As Thurman says at King’s funeral when he eulogizes, “We’re not quite human yet. We’re becoming human.” I think those words are so true for where we are today in this nation and really in the world. We’re not quite human yet.
F&L: How does the Holy Spirit change or work against the racialization of our world?
LP: For me, Pentecost is a metaphor for the gift of multiplicity that we see in languages, cultures, ethnicities. There is the embrace of, or the affirmation of, difference, and there’s not a hierarchy created.
It’s really this diversity unified. So racialization is a de-affirmation or a mode of dehumanization of the other, whoever that might be, in a kind of racialized hierarchy.
At Pentecost, there isn’t a hierarchy, and what’s central — or who is central — ultimately at Pentecost is God, and it’s not even our own particularity. Our particularity is not erased; it’s affirmed.
God is central, and God is the one who can bring us together. And so for me, what we have is this affirmation of the beauty of humanity.
At Pentecost, it’s not just the gift of speech but the gift of hearing and understanding in your own native language. What’s interesting is people are hearing their own native tongue in the mouths of the other who’s someone who’s different, not even somebody from their own ethnic background.
I think the Spirit drives us, leads us to a coming together, to unity, to mutual understanding, to the bodies that are again affirmation of the bodies of people, of all people, and as gifts of God. And so diversity, or difference, however you want to say it, is the gift of God.

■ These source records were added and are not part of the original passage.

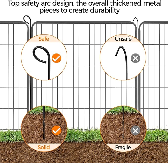 • Heavy Duty: Recommend setting this playpen on flat ground. Our sturdy 2-panel dog playpen is made of electrophoresis metal panels and stakes, anti-oxidated 0.6 x 0.6’’ square tubes ensuring safe and long-term use no matter indoor or outdoor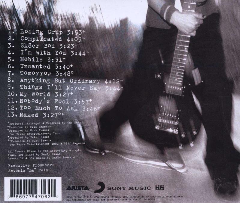 1 Losing Grip 3:53 2 Complicated 4:05 3 Sk8er Boi 3:23 4 I'm With You 3:44 5 Mobile 3:31 6 Unwanted 3:40 7 Tomorrow 3:48 8 Anything But Ordinary 4:12 9 Things I'll Never Say 3:44 10 My World 3:27 11 Nobody's Fool 3:57 12 Too Much To Ask 3:46 13 Naked 3:27 2002 CD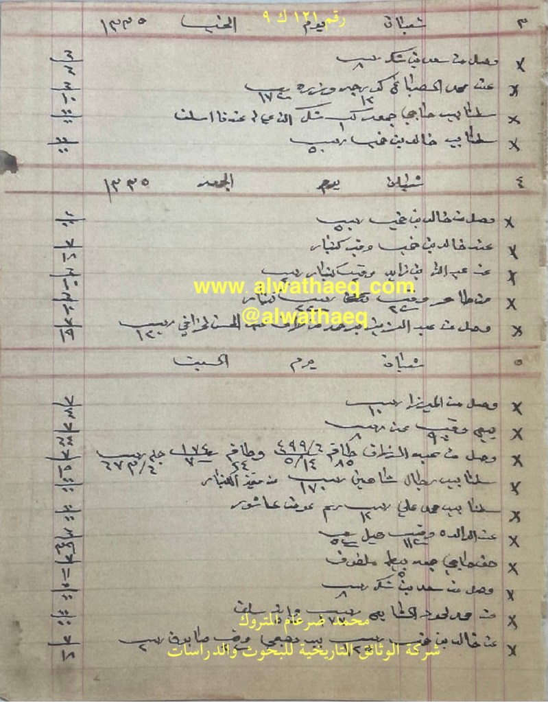 ١٢ كوجه وزره / كيس شكر / وقيه كنبار / وصل من عبدالرزاق ٨٥ طاقه و ٢٤ طاقه / قيمة الكنبار / عند الوالده ١١.٢ وقيه هيل / حق حاجي جمعه ٥ بيطه ملفوف / عند محمد الحمود الشايع ١٧٧ ربيه و ٥ انه سلف / صابون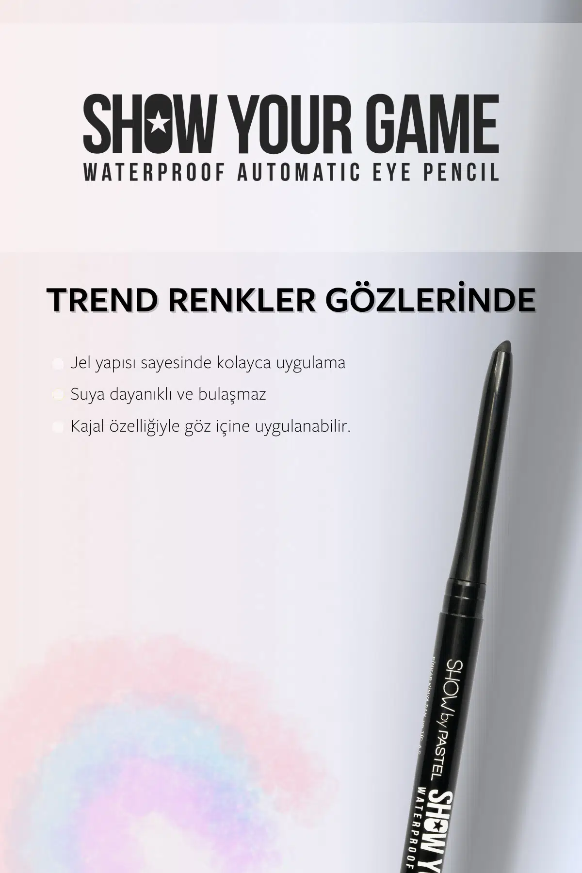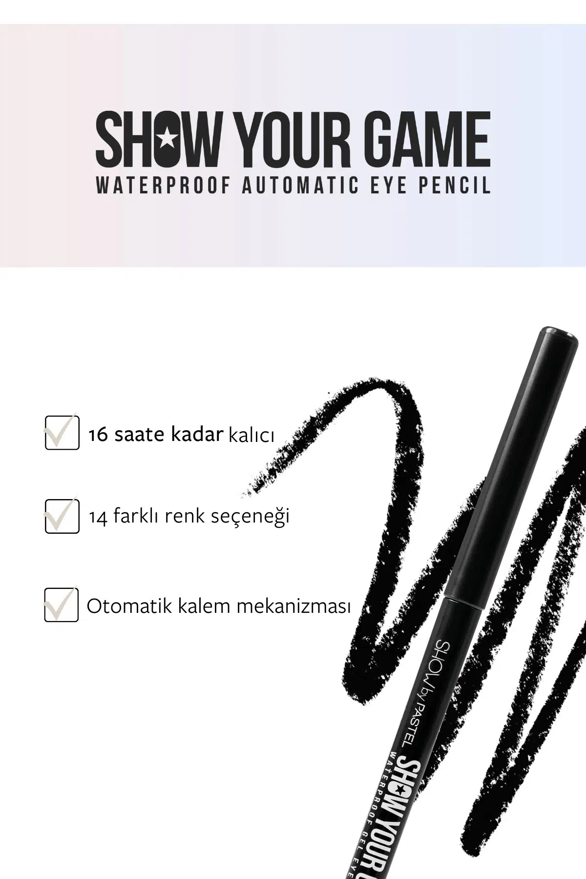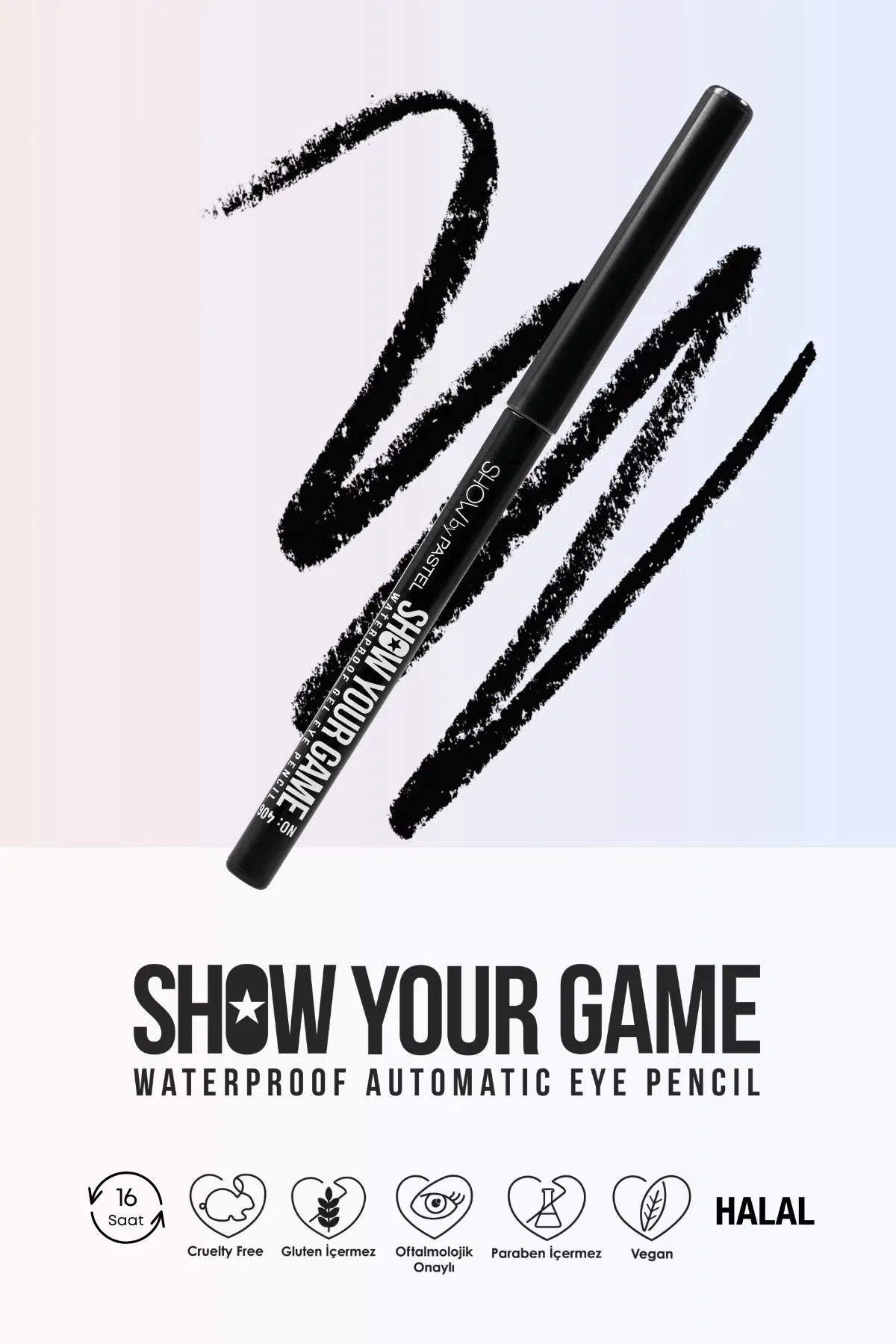 Muhteşem bakışlar yaratmanın pratik yolu Show Your Game göz kalemleri ile fark yaratın!Jel yapısı sayesinde kolay uygulama imkanı sunan Show Your Game göz kalemi, waterproof özelliğiyle 16 saate kadar kalıcıdır, bulaşmaz. Kajal özelliği ile gözünüzün içine de uygulanabilirken otomatik kalem mekanizması sayesinde kalemtıraşa gerek kalmadan pratik kullanım sunar. Vegan, cruelty free, gluten free, paraben free, oftalmolojik onaylı ve helal sertifikalıdır. 0,28 g

It’s not something to be avoided or sort of ignored even. It’s the gift of the heterogeneous expression of the Spirit; that’s the gift.
Homogeneity and uniform communities are not the gift of the Spirit. It’s unity and heterogeneity; that’s the gift. And so the Spirit, I think, helps in opening that up in a way to help us embrace the humanity, no matter how different, of someone else. It actually affirms the humanity of others.
F&L: What do you think that unifying power of the Holy Spirit looks like in preaching?
LP: From the pulpit, it’s what our telos is as preachers. Is our telos to divide, or is our ultimate goal the move toward unity? Again, unity implies diversity, so it’s different from uniformity.
It doesn’t mean every single sermon is on a specific topic, but what is your thrust? Is it to see a community really be a community, which means it being diverse and not functioning with this racialization, which is dehumanization, but really seeing people as people?
There’s an overall thrust as preachers and in the community. How do we at the church find a new tongue, playing off Pentecost? How do we find a new language? How do we find a new way of talking about human relations?
I say “racialize” or “racialization” quite a bit in the book; I do that intentionally, because it’s something that’s done to us. It’s not something that is ontological. It is something that’s social.
We have this social inheritance and historical inheritance of race as a social construct, and obviously it’s shaped how things are in the world. It’s not as if we can erase that and say, “Oh, we’re going to change how we talk, and things we can do better.” But I think there is a way that we can talk about relations with each other across these divides that might be more helpful, more Christian, more Spirit filled.
Identities can become idols, and so before we even see someone else as a human being and talk to them like a human being, we’re already thinking whatever categories they are, whether it’s political affiliation or what we see them to be racially.
We don’t see them as a human being, a brother and sister. In the church, how can we find a new way, a new language? What is the more human way and more humane way for talking about these things in the church?